1. Establish a list of names    

This may seem simple and straightforward, but surprisingly enough, many people jump straight into a campaign without keeping a target audience in mind. Categorize your list into different groups of people:  individuals, organizations, friends with connections to businesses, and any other group that seems relevant. Once you have a list of contacts, you can begin to create a campaign that is geared to resonate with each of those categories.

2. Don’t just ask for money

Many times, people consider it a waste of time talking with those who likely cannot contribute financially to your cause. But overlooking this group can be detrimental to your fundraiser. Set up meetings, even if you are sure the individual or group won’t donate. Chances are they are willing to spread the word to close connections or may even offer another resource that you haven’t considered before. Don’t make money the end goal of every meeting, but rather be open-minded to where it could lead instead.

3. Create a kick-ass sponsorship package

It’s important to put time and effort into creating a solid sponsorship packet before you go setting up meetings without anything concrete to present.
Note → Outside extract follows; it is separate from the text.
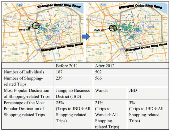 (1) A total of 25% of shopping-related trips’ destinations were located at Jiangqiao Business District (JBD) before the opening of Wanda. After the opening of Wanda, 21% of shopping-related trips’ destinations was Wanda and the visit percentage of JBD declined sharply to 3%. In the heat maps in Figure 1, after the opening of Wanda, the hottest spot for shopping destinations moved from JBD to Wanda.

Too many sponsorships have been set up to have donors give money without a follow up on how their money made a difference. Be mindful to create sponsorships that give them timely updates on how their money is being used.

4. Give them a deadline

You could leave a meeting super confident that you just turned a potential donor into a sponsor, but busy work schedules often leave fundraiser sponsorships floating in someone's to-do box. Creating a sense of urgency and giving a final deadline will likely put your fundraiser on someone’s calendar and keep it at the forefront of their mind.